TASK TO CARRY OUT:
Beginning with the line containing "The quail sang" and ending with the line containing "قبل الخوض في", write out each line of the records below exactly; pictures and lines outside that range are left out.

Dataset records:

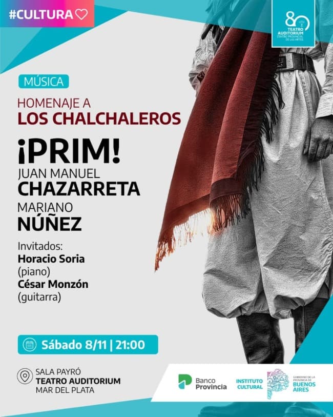 Juan Manuel Chazarreta y Mariano Núñez se unen para presentar ¡PRIM!, un espectáculo que rinde homenaje a la legendaria trayectoria de Los Chalchaleros.
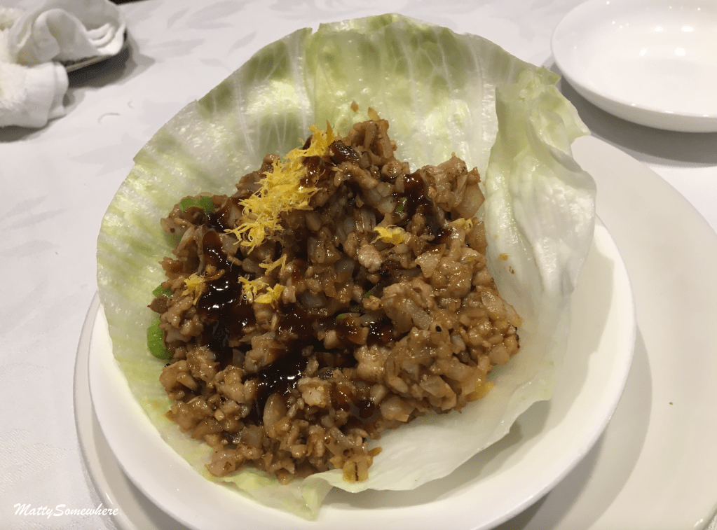 The quail sang choi bao is described as ‘Minced quail meat cooked with Chinese sausage, shitake mushrooms, bamboo shots and spring onion served in a lettuce leaf’. This is Jen’s entree, she loves it. I try a bit and think it’s wonderful as well.
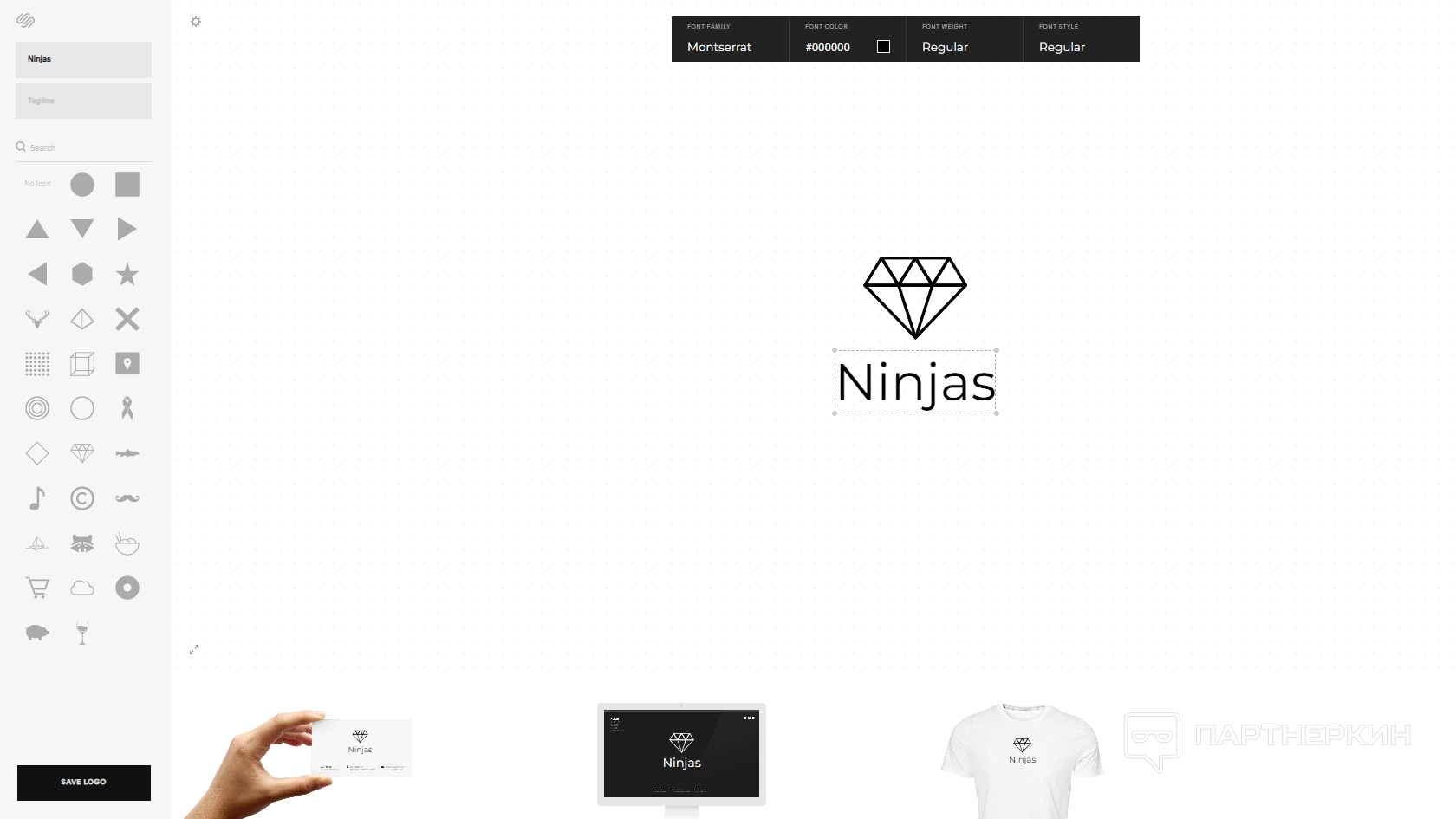 Откроется панель инструментов с выбором иконок. Ниже можно посмотреть, как будет выглядеть логотип на визитке, мониторе и футболке.
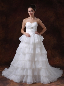 Brand New A-line Sweetheart Wedding Dress Chiffon Beading Brush Train
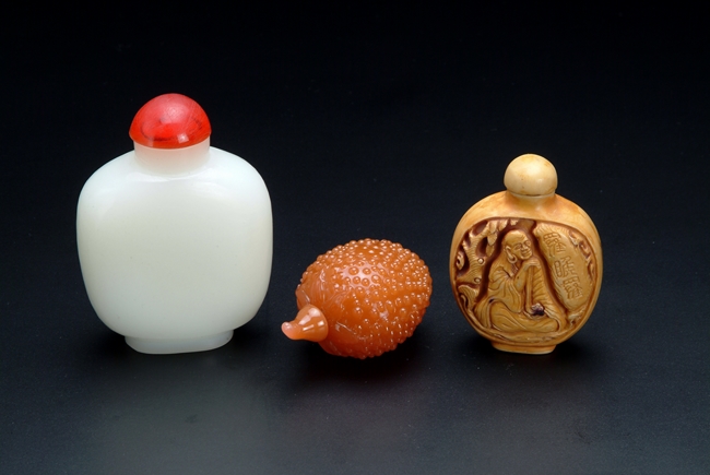 The first is of flattened form, with a flat lip and recessed foot surrounded by a footrim,the stone of soft white color with a a hint of ivory. The second is of a round cylindrical form, carved overall with an intricate basketweave pattern in the orange hue stone. The thrid is crisply carved in relief with a scene depicting two elders sitting down on both sides of the bottle.
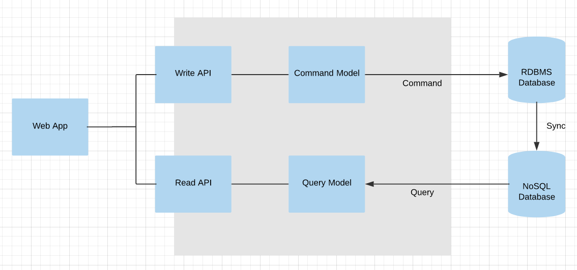 قبل الخوض في الHow. الصورة السابقة في اول السلسلة تبين لك كيف من الممكن ان يكون شكل النظام , لديك قاعدة بيانات خاصة بالكتابة فقط تقوم بعمل مزامنة لقاعدة بيانات او اكثر خاصة بالقراءة قد تكون SQL او NoSQL.
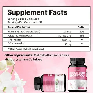 30 Day Supply - Recommended 4 Capsules Per Day - Ingredients: Myo Inositol 2000 mg D Chiro Inositol 50 mg Folic Acid 85% DV Vitamin D 50% DV - 100% Clean Label Ingredients - Zero Fillers or Additives - Vegan Capsules, No Dyes, Gluten Free, No Dairy Free, Soy Free.
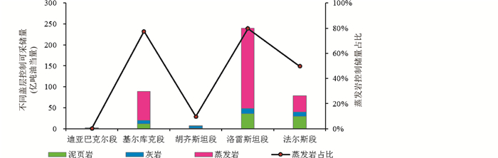 扎格罗斯盆地各段的油气储量规模与其盖层类型关系密切,与蒸发盐岩表现出正相关性(图 12)。从盆地各段的盖层类型来看,蒸发岩盖层对储量规模的贡献最大,控制储量占总储量的比例约为72%。其中基尔库克段渐新统-中新统蒸发盐岩和胡齐斯坦段中新统蒸发盐岩控制储量占比最高,为71%~80%;法尔斯段三叠系蒸发盐岩控制储量占比约50%(图 12)。

RESPONSE TO THE TASK:
 The quail sang choi bao is described as ‘Minced quail meat cooked with Chinese sausage, shitake mushrooms, bamboo shots and spring onion served in a lettuce leaf’. This is Jen’s entree, she loves it. I try a bit and think it’s wonderful as well.
 Откроется панель инструментов с выбором иконок. Ниже можно посмотреть, как будет выглядеть логотип на визитке, мониторе и футболке.
 Brand New A-line Sweetheart Wedding Dress Chiffon Beading Brush Train
 The first is of flattened form, with a flat lip and recessed foot surrounded by a footrim,the stone of soft white color with a a hint of ivory. The second is of a round cylindrical form, carved overall with an intricate basketweave pattern in the orange hue stone. The thrid is crisply carved in relief with a scene depicting two elders sitting down on both sides of the bottle.
 قبل الخوض في الHow. الصورة السابقة في اول السلسلة تبين لك كيف من الممكن ان يكون شكل النظام , لديك قاعدة بيانات خاصة بالكتابة فقط تقوم بعمل مزامنة لقاعدة بيانات او اكثر خاصة بالقراءة قد تكون SQL او NoSQL.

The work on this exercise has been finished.